El alineamiento de las autoridades de la isla con potencias como Rusia, China, Irán y el régimen de Nicolás Maduro en Venezuela no es meramente retórico o diplomático. En medio de un éxodo migratorio sin precedentes que ha vaciado al país de más de medio millón de sus habitantes en apenas un par de años, el ejecutivo cubano ha cedido terrenos, infraestructuras y soberanía a actores extranjeros a cambio de apoyo logístico, político y financiero. Esta dependencia estratégica convierte a Cuba en un enclave de espionaje y operaciones para potencias hostiles a los intereses estadounidenses, elevando el riesgo geopolítico en un hemisferio que ya experimenta tensiones severas.
La represión interna en Cuba funciona en paralelo a estas operaciones exteriores.
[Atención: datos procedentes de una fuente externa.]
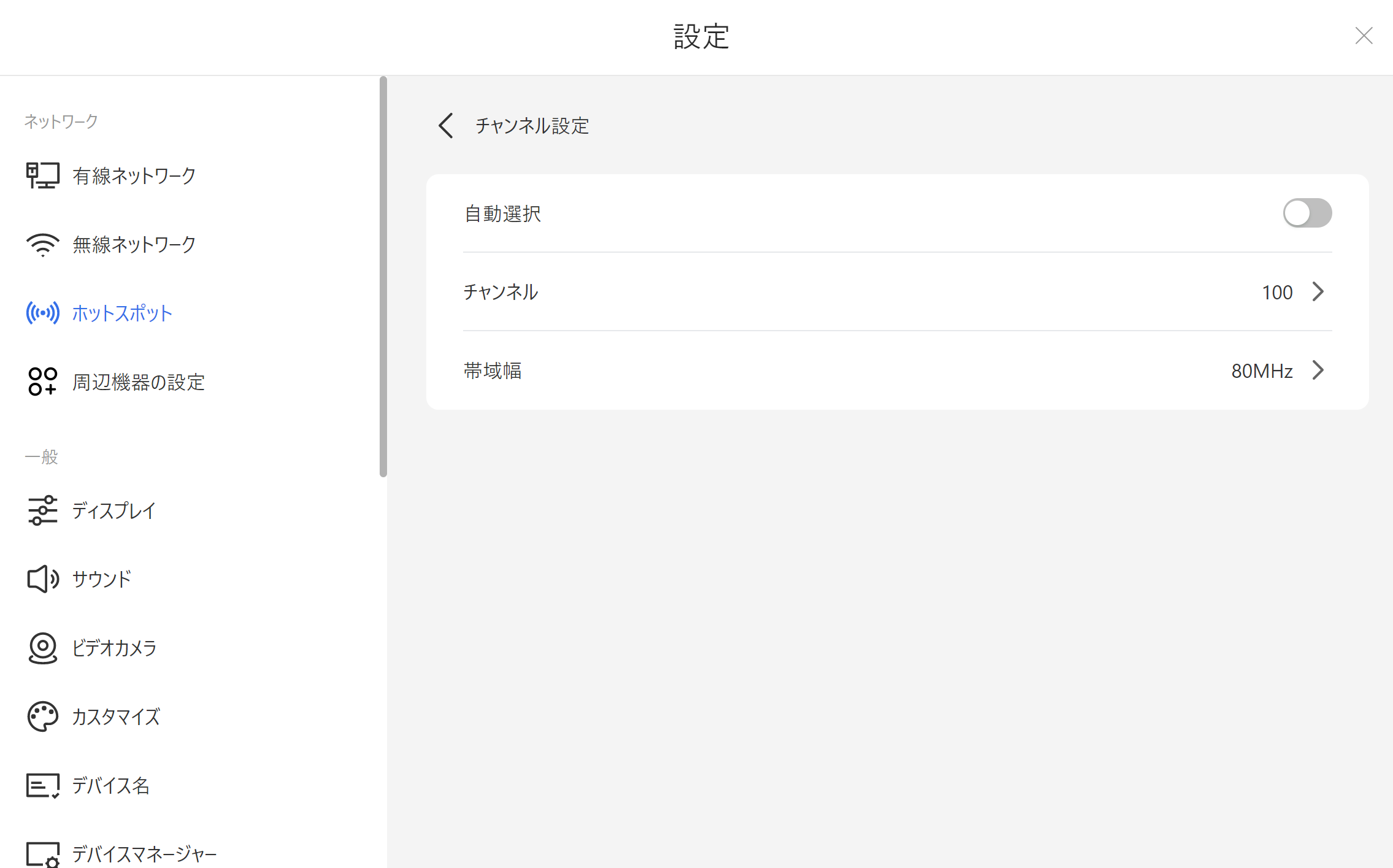 ホットスポットのチャネル、帯域の変更ができるようになりました。

La ciberseguridad, el control de la información y la vigilancia masiva dentro de la isla están a cargo de cuerpos especializados que también tienen vínculos directos con el aparato de inteligencia exterior. La censura, los cortes selectivos de internet, las detenciones arbitrarias y el acoso a periodistas y activistas son parte del mismo sistema que, según el Departamento de Estado, orquesta campañas de desinformación en el exterior. El régimen no distingue entre el control interno para evitar estallidos sociales y la manipulación de narrativas en el extranjero para debilitar a sus adversarios ideológicos.
Implicaciones futuras y respuesta internacional
El respaldo explícito del Congreso, a través de figuras como Carlos Giménez, a las advertencias del Departamento de Estado anticipa un endurecimiento sustancial de la política exterior de Washington hacia La Habana. Las futuras medidas podrían incluir nuevas designaciones de individuos y entidades vinculadas al aparato de inteligencia cubano, así como un escrutinio mucho más riguroso sobre las organizaciones no gubernamentales, grupos de presión y centros académicos que operan dentro de Estados Unidos con presuntos vínculos o financiación proveniente de la isla. La era de la contención pasiva parece haber llegado a su fin.
Para la ciudadanía cubana, este escenario se traduce en una profundización del aislamiento del régimen, lo que podría acelerar la presión sobre un sistema político que ya muestra fisuras insostenibles. Aunque la dictadura intentará utilizar el endurecimiento de Washington como pretexto para intensificar la represión interna y atribuir a un \»enemigo externo\» la culpa del colapso económico, la realidad es que la pérdida de espacios de influencia en EE.UU. mermará sus fuentes de financiamiento, incluidas las remesas condicionadas y el tráfico de combustibles triangulados. La comunidad internacional se enfrenta ahora al reto de reconocer que la crisis cubana no es solo un problema de derechos humanos y emigración masiva, sino una amenaza directa a la seguridad democrática y la estabilidad de toda la región.